Who loves shopping with gift certificates? I do! Gift certificates give you an excuse to buy things that you normally wouldn’t buy. They tinge your shopping with a bit of frivolity. You never buy socks, or wooden spoons, or computer paper with them– at least I don’t. I was given a gift certificate awhile back, so I was sitting at my computer, pondering what to buy at the Sur la Table site, when this amazing pan jumped out at me. A brownie pan that ensures a delectable edge piece? I had to have it.

At the risk of this blog turning into an advertisement for this pan, or a site with glaring evidence of product placement, I just had to show you.
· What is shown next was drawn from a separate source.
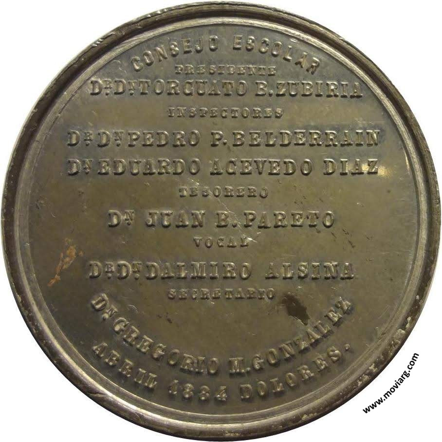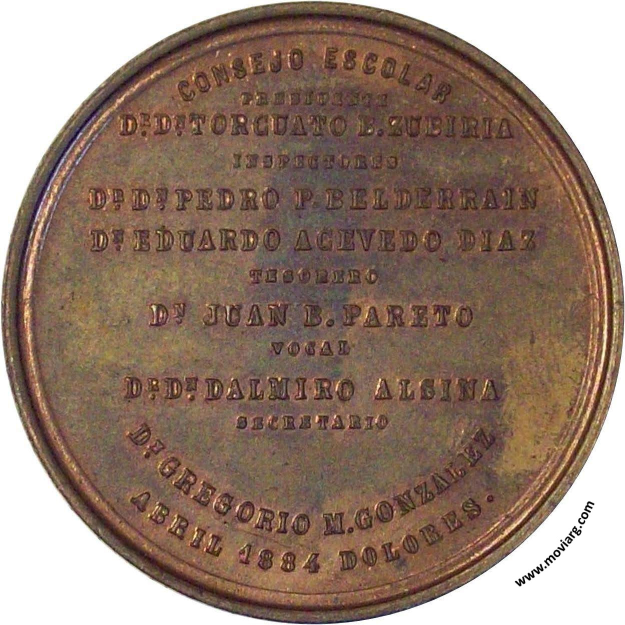 Anverso: INAUGURACION DE LOS NUEVOS EDIFICIOS PARA ESCUELAS PÚBLICAS, OFICINAS DE CONSEJO Y BIBLIOTECA / FUÉ PADRINO EL DR. DN. NICOLAS ACHAVAL / DIRECTOR GENERAL / DE / ESCUELAS DE LA PROVINCIA. Firma: GRANDE Reverso: CONSEJO ESCOLAR / PRESIDENTE / DR. DN. TORCUATO B. ZUBIRIA / INSPECTORES / DR. DN. PEDRO P. BELDERRAIN / DN. EDUARDO ACEVEDO DIAZ / TESORERO / DN. JUAN B. PARETO / VOCAL / DR. DN. DALMIRO ALSINA / SECRETARIO / DN. GREGORIO M. GONZALEZ / ABRIL 1884 DOLORES. Referencia: ROSA-315/91 FERRARI-99 (RG) | |

For someone like me. and apparently countless others, who love those extra chewy, browned to perfection, crispy edged morsels of brownies, bar, or anything baked in a Pyrex container, this pan is perfect. With a sturdy, meandering curve throughout, this pan guarantees at least two edges in every slice. Genius!

I waited the requisite five day mail delivery, tore open the package, and made a batch of brownies that evening. They did not disappoint. I think that even a mediocre brownie recipe (which mine actually turned out to be) is made infinitely better with this pan. No more slicing the edges off of a bar for me– my baking life has been forever changed! (Okay, that may be a little bit of an exaggeration, let just say, the pan makes a damn good brownie.)